Personal information
- Born: December 9, 2004 (age 21) Lissone, Carate Brianza, Lombardy, Italy
- Listed height: 5 ft 7 in (1.70 m)

Career information
- WNBA draft: 2024: 3rd round, 32nd overall pick
- Playing career: 2022–present

Career history
- 2022–present: Umana Reyer Venezia
- 2026-present: Atlanta Dream
- Stats at WNBA.com
- Stats at Basketball Reference

= Matilde Villa =

Italian basketball player (born 2004)

Matilde Villa (born 9 December 2004) is an Italian basketball player for the Atlanta Dream of the Women's National Basketball Association (WNBA) and Umana Reyer Venezia of the Lega Basket Femminile. She was drafted by the Atlanta Dream of the Women's National Basketball Association (WNBA) with the 32nd pick in the 2024 WNBA draft.

== Professional career ==
At age 14, she debuted in Serie A1 with the Costa Masnaga sports club first team in the position of point guard. In 2020, she scored 36 points, 8 rebounds, and 4 assists in a match against Dinamo Sassari. Her Serie A record is 20 wins and 3 losses.
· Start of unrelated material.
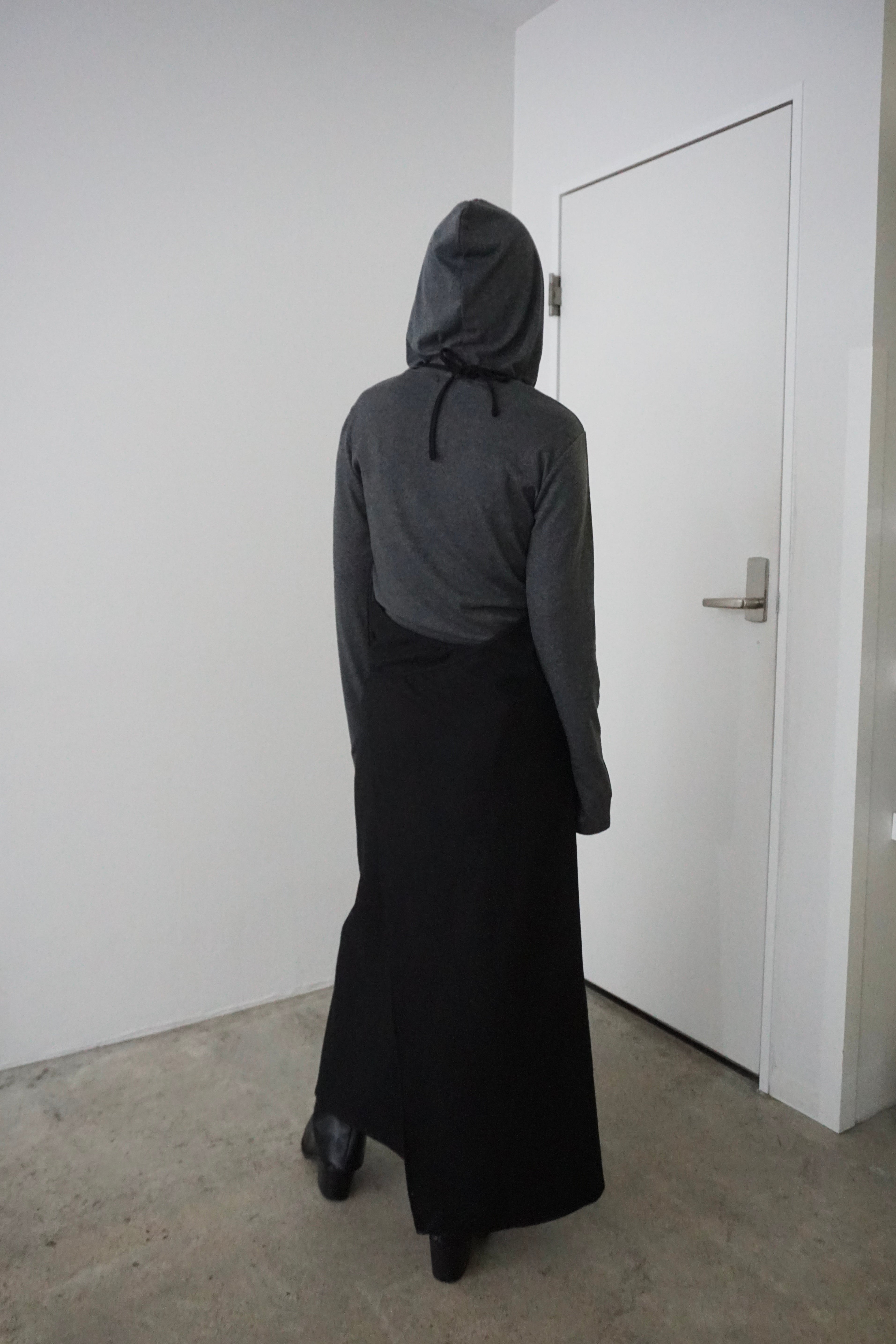 柔らかくフィットする綿ストレッチのカットソー素材を使用したクロップドフーディー

Villa has played for Umana Reyer Venezia in Venice, Italy since 2022. In the 2023–2024 season, she led the Italian Serie A with a per-game average of 10 points, 2.6 rebounds, and 3 assists. She had a 52% shot rate from two points, 36% from three, and 78% from the free throw line.

She was selected in the third round, 32nd overall, by the Atlanta Dream in the 2024 WNBA draft. She was the fourth Italian player to be selected in the WNBA, and joined fellow Italian Lorela Cubaj on the team. Villa remained overseas for the 2024 WNBA season.

== International career ==
At the FIBA U20 Women's European Championship in 2023, Villa was named a stand-out player by FIBA. She accumulated an average of 18.9 points per game, 6.7 rebounds per game, 4.9 assists per game, and 2.6 steals per game.

== Personal life ==
Matilde was born in Lissone, Carate Brianza, Lombardy, Italy. Her older brother Edoardo and her twin sister Eleonora are both basketball players, with Eleonora currently playing in the NCAA with the Washington State Cougars. She and her sister Eleonora wanted to be professional dancers growing up, but were discouraged by her dance teacher and advised to change to basketball.